Bem, são várias as questões, mas essencialmente é um problema de falta de visão que temos enquanto sociedade sobre a importância que a história, a cultura e o patrimônio cultural podem ter na vida das pessoas. Hoje no Brasil temos todas as condições de investigação, gestão e socialização deste patrimônio, permitindo a visitação dos sítios de naufrágio em contextos turístico-educativos sustentáveis, assim como para "trazer este patrimônio subaquático à superfície", através de técnicas de mapeamento digital e realidade virtual, por exemplo. O problema, portanto, não é técnico, tampouco de recursos econômicos, mas sim de prioridades. Com o devido interesse público, Salvador poderia facilmente tornar-se um centro de importância mundial na pesquisa, preservação e formação de pessoal capacitado em arqueologia subaquática.

O senhor é um grande conhecedor de sítios de naufrágios pelo mundo. O que destacaria sobre as características dos naufrágios registrados na Baía de Todos os Santos desde o século 17?

Certamente a representatividade, por haver naufrágios de diversos períodos (desde o século 17 até o 20), o fácil acesso, as águas predominantemente claras e com boas condições para o mergulho praticamente todo o ano. Mas se pudesse eleger um fator de destaque, diria que a integração do patrimônio subaquático com o exuberante patrimônio costeiro, suas paisagens marítimas, fortes, faróis, etc, formam um conjunto com grande potencial em termos patrimoniais, turísticos e educativos. É um diferencial poder mergulhar em quatro naufrágios de navios a vapor dos séculos 19 e 20, de quatro nacionalidades distintas, e ao sair da água ver que está ao pé do Farol da Barra, protegido pelo Forte de Santa Maria.

Por meio do estímulo ao turismo sustentável, esses sítios de naufrágios não poderiam ser mais preservados, incentivando os mergulhos e desenvolvendo o potencial turístico da Bahia para o mundo?
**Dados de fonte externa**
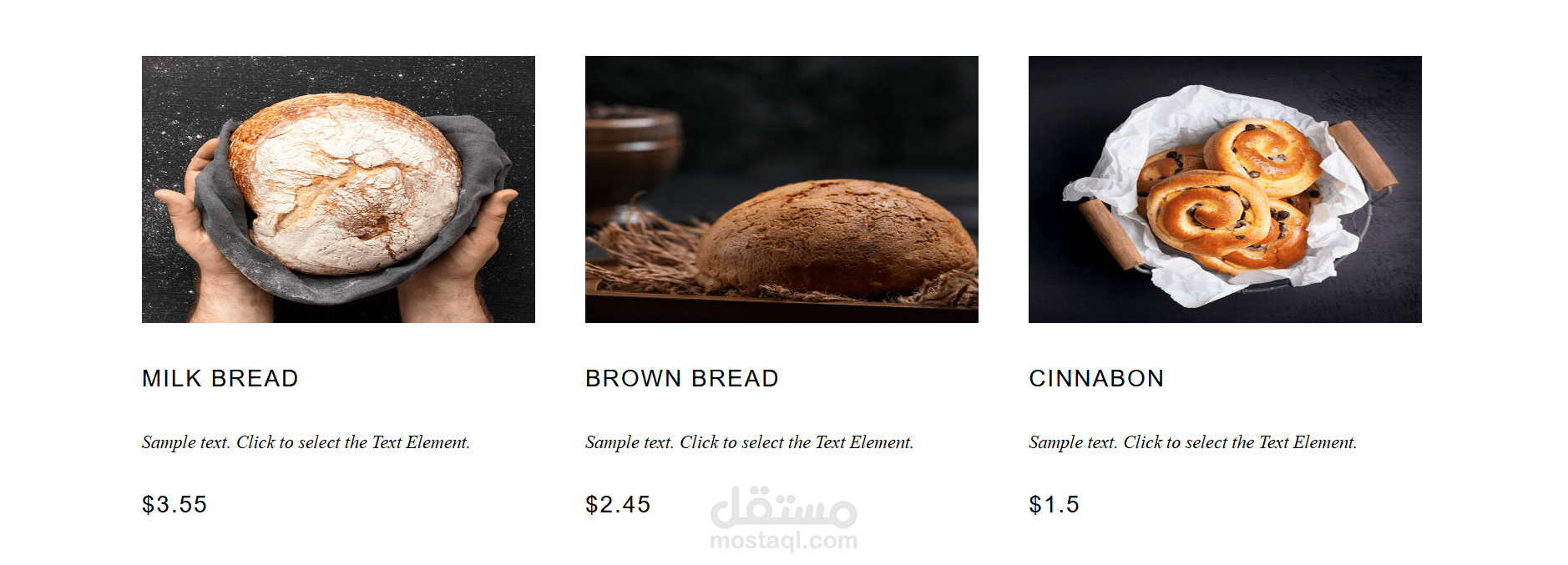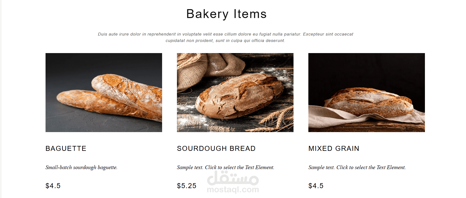 Bakery Items : A detailed list of baked goods, each with professional images and descriptions.

Sem dúvida. Hoje o turismo em sítios de naufrágio na BTS não possui qualquer regulação ou protocolo de boas práticas, de modo que a cada ano é visível o desgaste nos locais mais visitados. Talvez o pior elemento é o fundeio de embarcações sobre os sítios, lançando âncoras ou fazendo a amarração em elementos do sítio como canhões ou âncoras históricas. Seria necessário, como medida urgente, estabelecer pontos de fundeio fixos nestes locais e sinaliza-los. Com isso também aumentar a fiscalização e as ações educativas. Para atingirmos um ponto de turismo sustentável, cujo potencial é imenso na BTS, será necessário o trabalho conjunto de pesquisadores, do Iphan, da Marinha do Brasil e das operadoras de mergulho.